As estratégias de Odorico para conseguir que um morto na cidade solidifique sua glória como prefeito trazem a marca inconfundível de Arraes, cujos filmes contém o diálogo dinâmico, o ritmo rápido entremeado de cortes e a ótima edição, que fazem com que o filme não perca o ritmo da narrativa. E o político tem nas engraçadas irmãs Cajazeiras três mulheres que sonham em ser a primeira dama da cidade, seja na romântica Dulcinéia, na resguardada Dorotéia ou na espevitada Judicéia, a libidinosa, alcoólatra e mais nova do trio.

Com os neologismos do seu inigualável vocabulário, Odorico não fala, discursa. É o típico político que faz uso das palavras para conquistar a todos, sem exceção. E cria expressões enfeitadas para impressionar, como “mal-caratistas”, “emboramente”, “construimento” e “sigilento”. Quem não entende, claro, fica boquiaberto com a “inteligência” do prefeito. E ele ganha fama e inimigos no caminhar da carruagem.

Além disso, o filme traz outros personagens curiosos, como o bêbado Chico Moleza (Edmilson Barros) e o cético jornalista Neco (Caio Blat) que se apaixona pela doce e ousada Violeta (Maria Flor), filha de Odorico que estuda na capital. Neco e Violeta representam, inclusive, a juventude que, mesmo com a revolução sexual e cultural da época, não deixam o cunho político de lado.

A ideia não chega a ser aprofundada e mostra o povo de Sucupira por meio do bêbado Molenga, único que não é próximo de Odorico, ou seja, uma referência ao povo submisso, volátil e enganado, já que se torna o coveiro do cemitério e nunca recebe seu salário.
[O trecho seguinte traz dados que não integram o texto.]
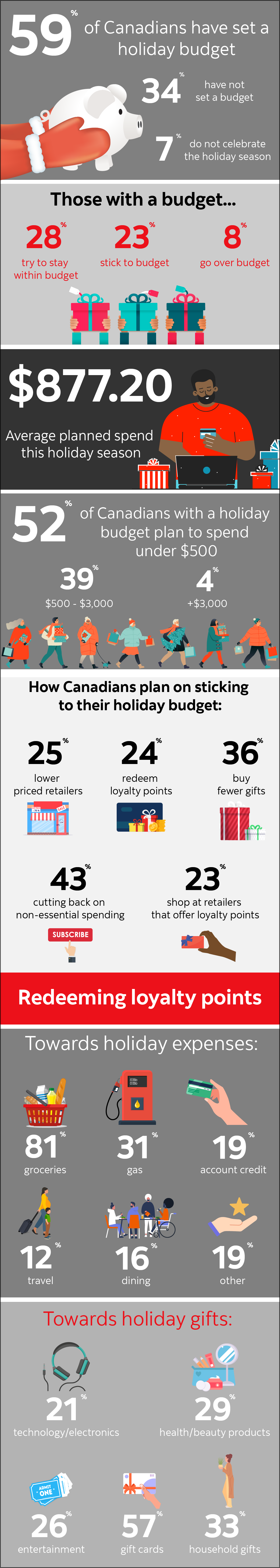 To stay within their budget, more than half of those surveyed plan to redeem their loyalty points and put them towards holiday expenses and gifts, according to Scotiabank’s Holiday Spending Poll.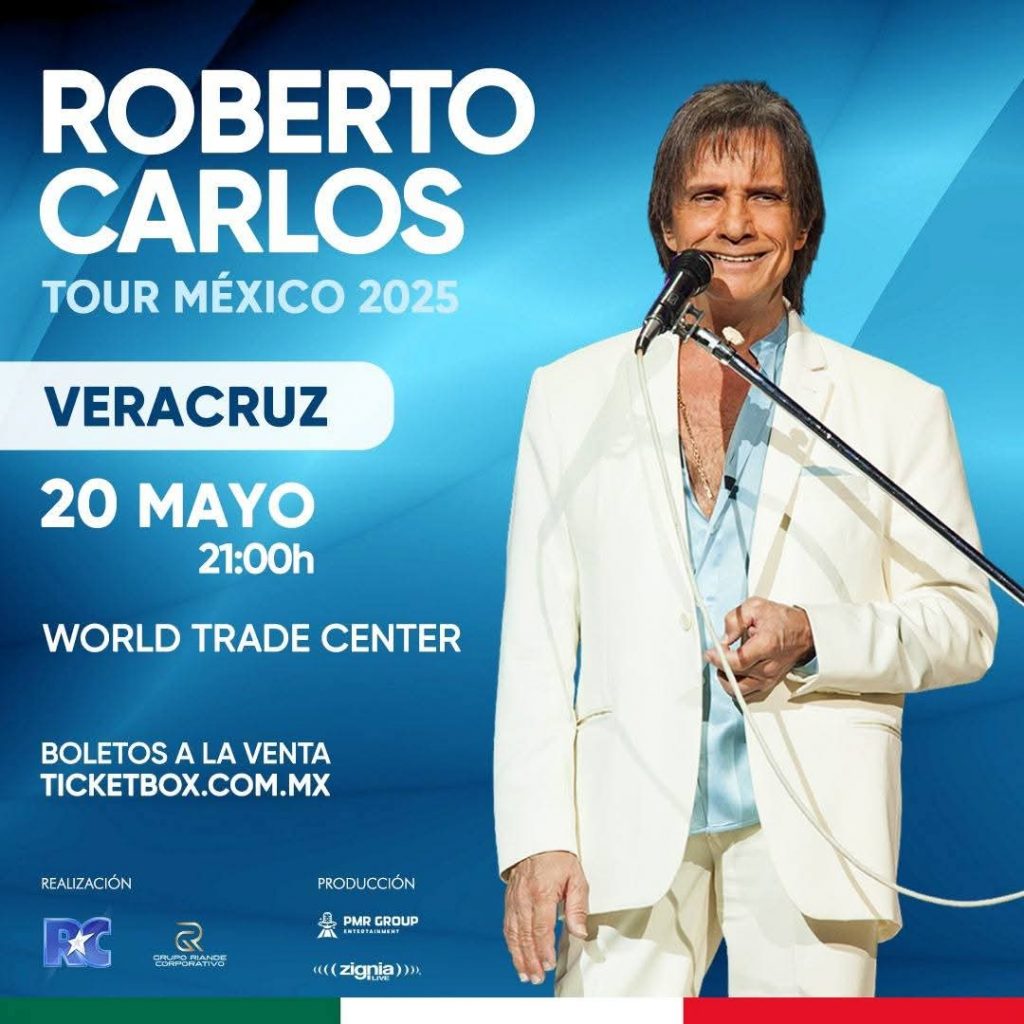 El tour 2025 de Roberto Carlos se presentará en tierras veracruzanas el martes de 20 mayo a partir de las 21:00 horas en el WTC Boca del Río.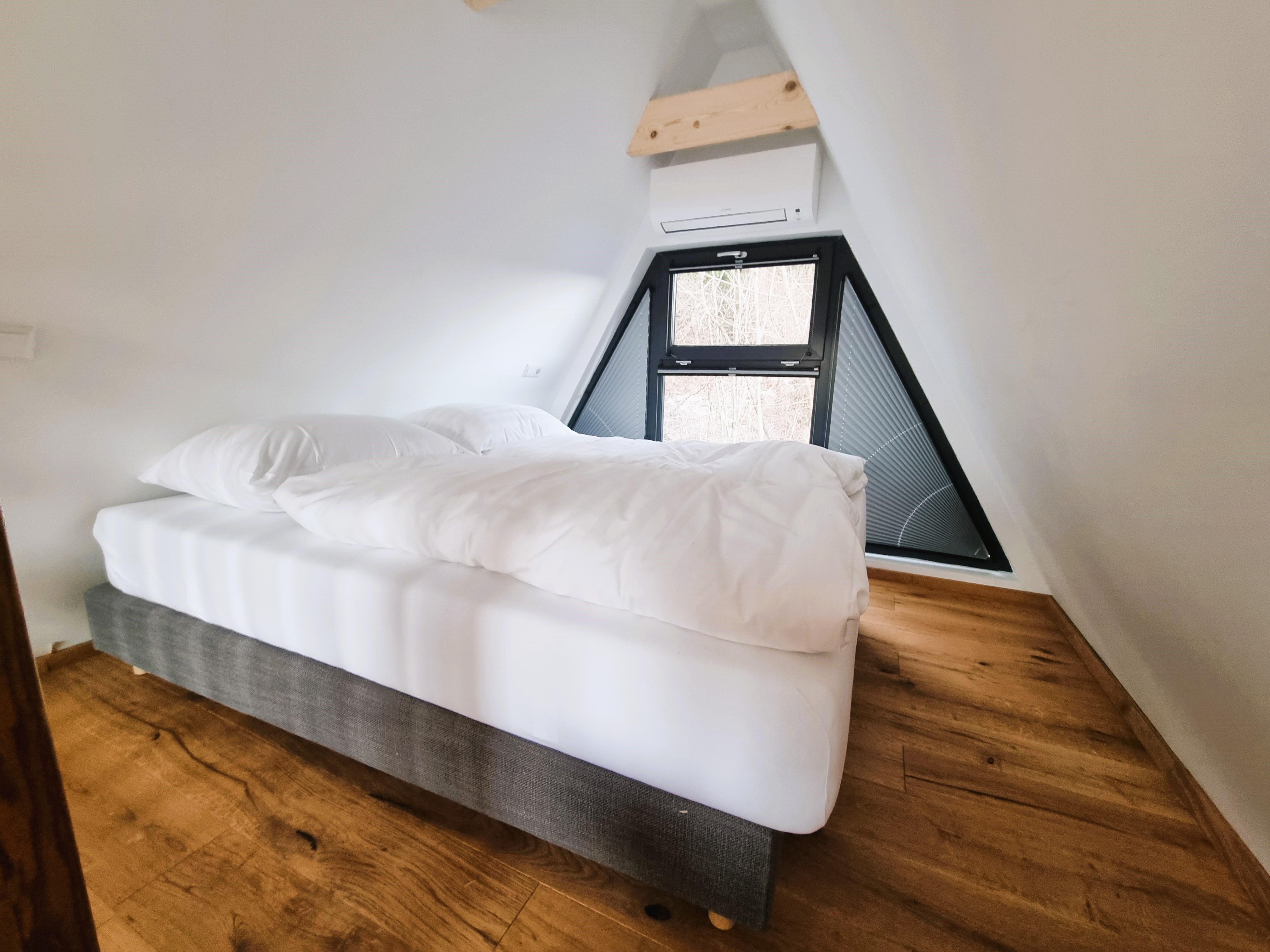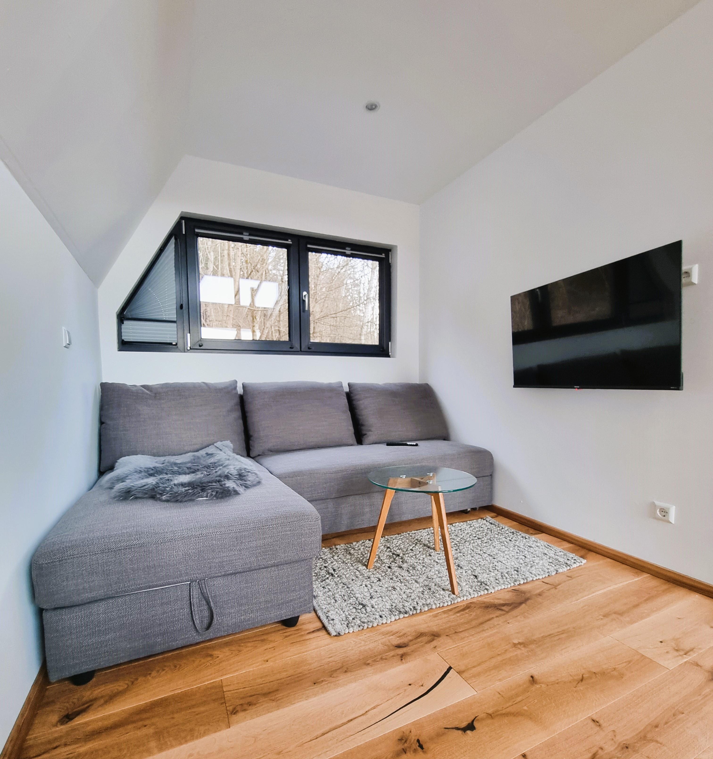 Das gemütliche Chalet im Chaletdorf Mountains & Lakes in Villach bietet Platz für 4 Erwachsene oder eine Familie mit 4 Kindern. Ein separater Eingang gewährleistet Privatsphäre. Große Fenster durchfluten die Räume mit Licht, während Parkettboden ein warmes Ambiente schafft. Die vollausgestattete Küchenzeile ermöglicht Selbstversorgung, und das Bad beeindruckt mit Steinfliesen. Schlafkomfort wird durch Boxspringbetten mit Premiummatratzen garantiert. Moderne Annehmlichkeiten wie schnelles Wifi (280 Mbit) und ein Smart TV stehen zur Verfügung. Ein sicherer Parkplatz ist inkludiert. Das Chalet liegt am Waldrand in Hanglage, mit einem malerischen Blick über Villach ins Drautal und die umliegenden Berge. Der Faaker See ist in unmittelbarer Nähe.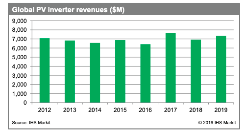 In IHS Markit’s “Predictions for the PV industry in 2019,” the group finds PV inverter suppliers are being forced to diversify to continue to battle against stagnating revenues. One way they can diversify is by selling battery-based inverters.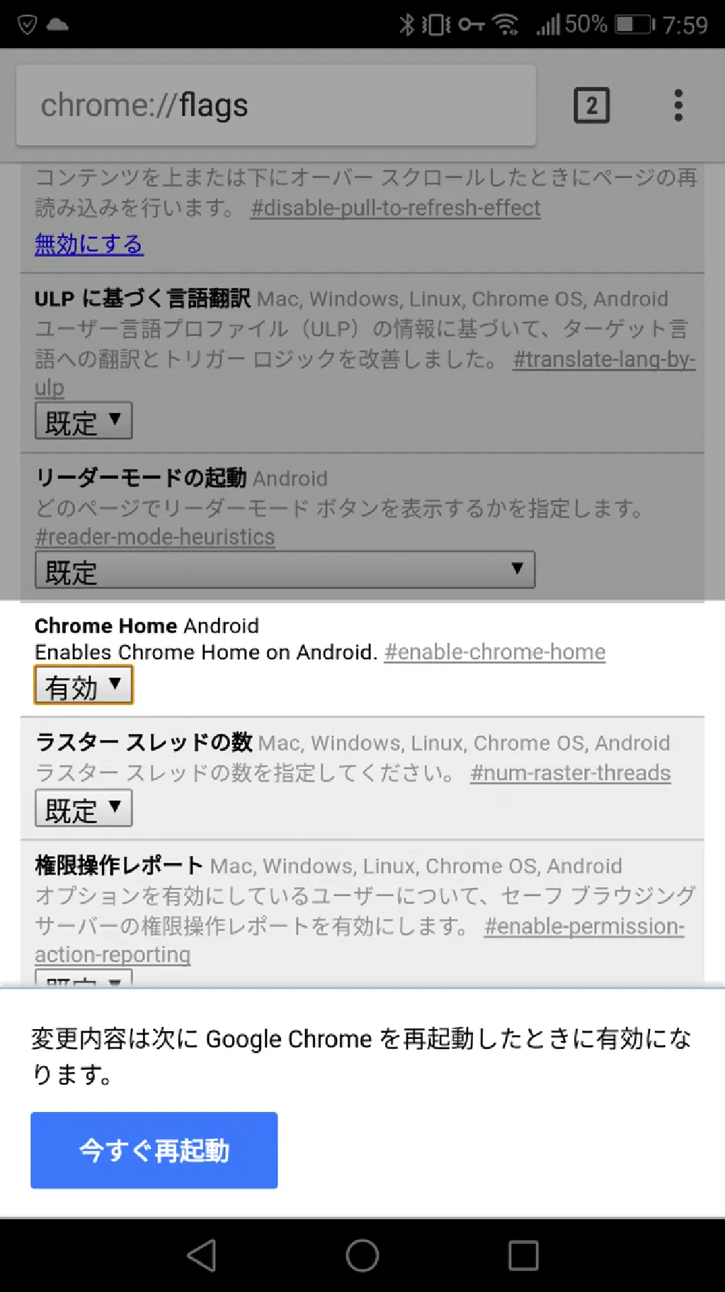 プルダウンを「有効」に変更すると、Chromeの再起動を促すダイアログが表示されますので、「今すぐ再起動」をタップしてChromeを再起動します。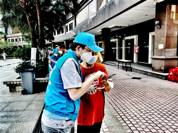 全市大規模核酸檢測工作急需大量志願者參與,4月10日中午12時,廣州地鐵建設公司用地管理部的關逸在工作群內看到了志願者徵集的通知,還在外未來得及用午餐的她馬上安頓好家人,於12時30分前趕到社區,參與社區組織開展的全員核酸檢測任務。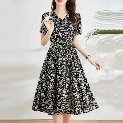 好印象MAX♡ プリント ボウタイ Aライン 花柄 半袖 ファッション デートワンピース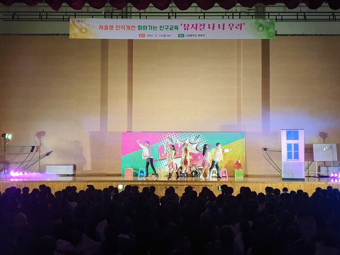 또, 지난 13일에는 다원중학교 강당에서 중학생 3학년 학생 420명을 대상으로 저출생 극복 인식개선 인구교육 뮤지컬인 ‘나 너 우리’ 공연을 운영했다.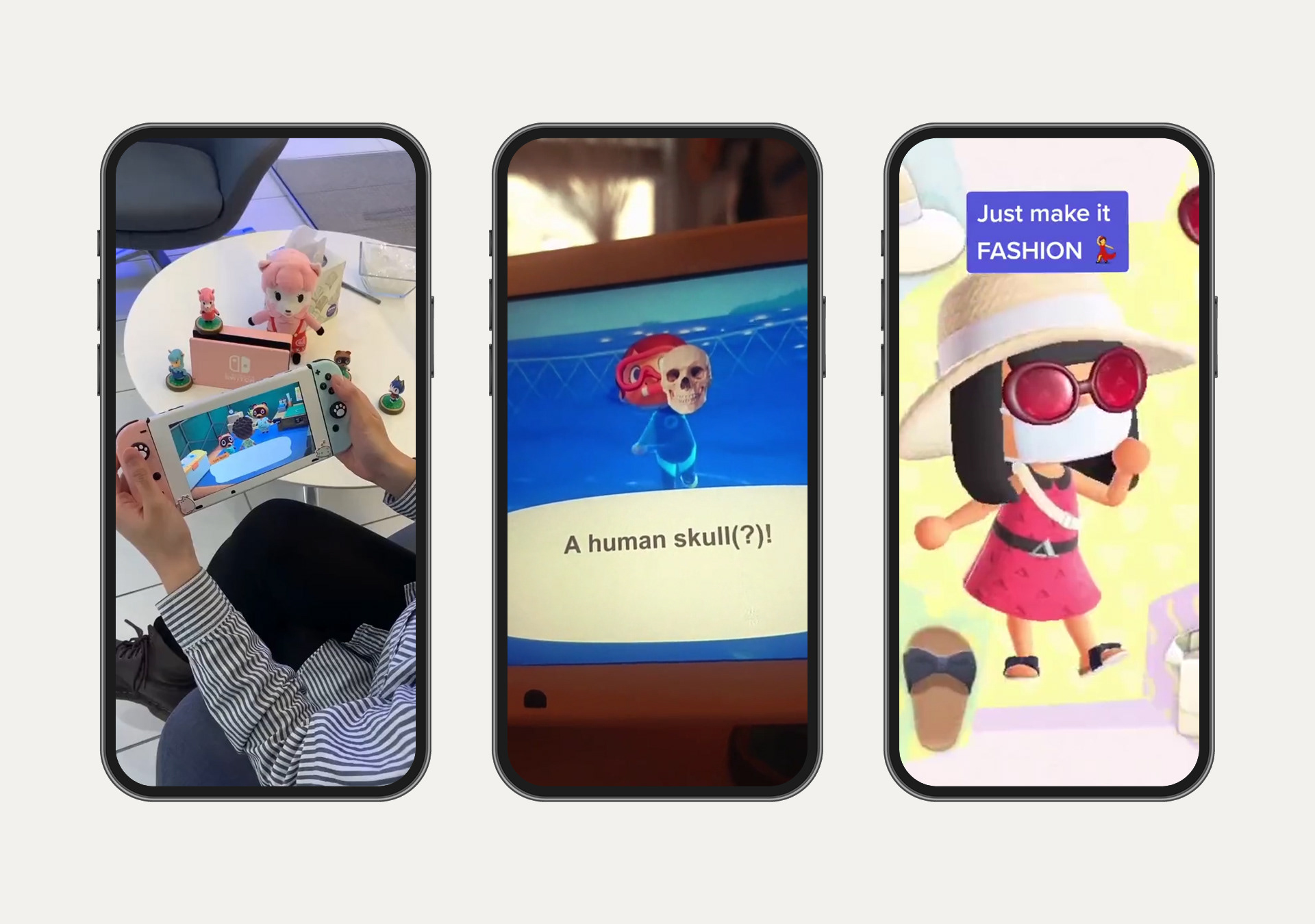 I took part in the content direction of much of the TikTok channel; I capitalized on the virality of Animal Crossing: New Horizons, creating several pieces of content through a combination of animation and motion graphics, tracking, live shooting, and pushing the limitations of the game's actual mechanics.

José Wilker, que tem curta participação como o temido Zeca Diabo, mostra um personagem sombrio, de voz imponente, olhar fixo mas, ao mesmo tempo, o herói que o povo precisa para fazer a justiça necessária que povo, forças armadas e políticos despreparados são incapazes de prover.

O final pode surpreender aos que não conhecem o desfecho dado por Dias Gomes à história. O Bem-Amado fala de um personagem brasileiro emblemático que, como político, foi destruído pelo povo; e, como ser humano, foi destruído pelas pessoas próximas a ele. Pena que Odorico Paraguaçu represente muitos políticos, mas seu destino seja diferente daqueles que governam na vida real.